* [Task brief] What you return should match the data word for word, minus the images.

----- Stored data -----

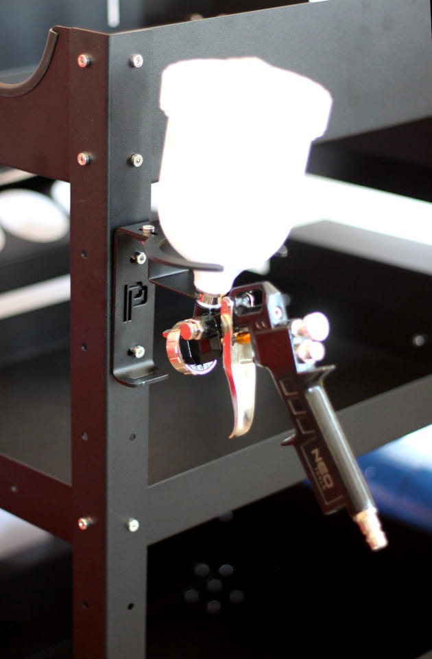 Poka Premium Single holder for Spray Gun je univerzálny držiak na jednu striekaciu pištoľ s možnosťou upevnenia na stenu či detailingový vozík. Vysoko kvalitný držiak je vhodný na bezpečné uloženie striekacích pištolí s nastaviteľnou podperou pre rôzne veľkosti nádobiek na tekutiny. Žiadne ostré hrany pre maximálnu ochranu. Držiak je možné upevniť aj na detailingový vozík Poka Premium. Vyrobený z vysoko kvalitnej pozinkovanej ocele 3 mm. Precízne rezané a ohýbané, nakoniec lakované práškovou farbou na zaistenie maximálnej ochrany proti oxidácii.
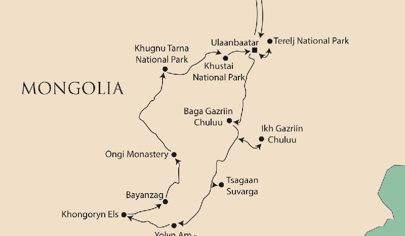 Ulaanbaatar–Baga Gazriin Chuluu–Tsagaan Suvraga–Dalanzadgad–Yolyn Am–Khongoryn Els–Bayanzag–Manastirea Ongini–Karakorum–Ulaanbaatar
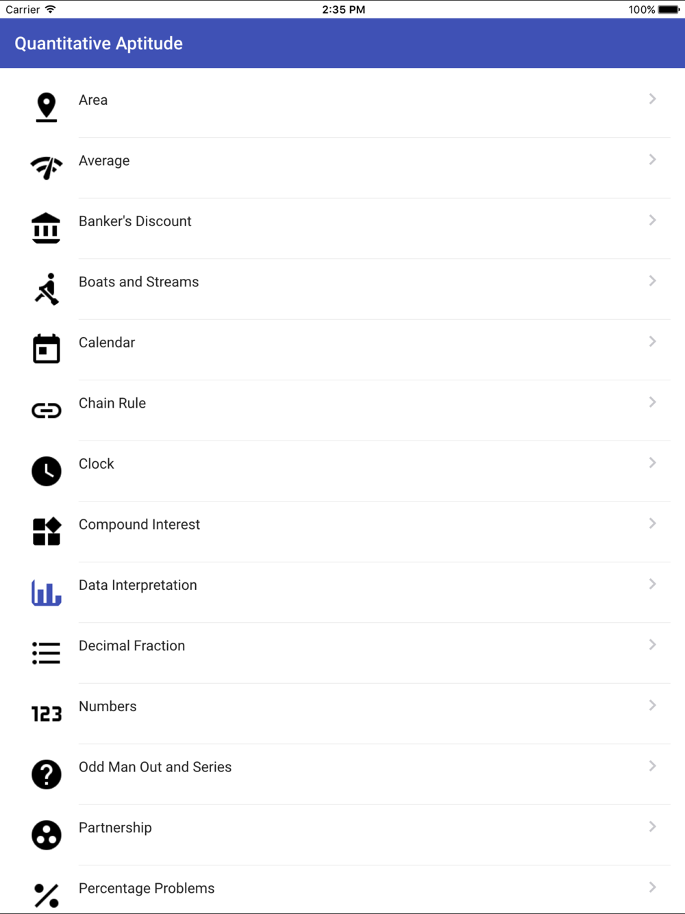 Quantitative Aptitude app provide complete explanation and practice exercises with detailed solution of All arithmetic (Quant) problems.

-----

* [Written solution]
 Poka Premium Single holder for Spray Gun je univerzálny držiak na jednu striekaciu pištoľ s možnosťou upevnenia na stenu či detailingový vozík. Vysoko kvalitný držiak je vhodný na bezpečné uloženie striekacích pištolí s nastaviteľnou podperou pre rôzne veľkosti nádobiek na tekutiny. Žiadne ostré hrany pre maximálnu ochranu. Držiak je možné upevniť aj na detailingový vozík Poka Premium. Vyrobený z vysoko kvalitnej pozinkovanej ocele 3 mm. Precízne rezané a ohýbané, nakoniec lakované práškovou farbou na zaistenie maximálnej ochrany proti oxidácii.
 Ulaanbaatar–Baga Gazriin Chuluu–Tsagaan Suvraga–Dalanzadgad–Yolyn Am–Khongoryn Els–Bayanzag–Manastirea Ongini–Karakorum–Ulaanbaatar
 Quantitative Aptitude app provide complete explanation and practice exercises with detailed solution of All arithmetic (Quant) problems.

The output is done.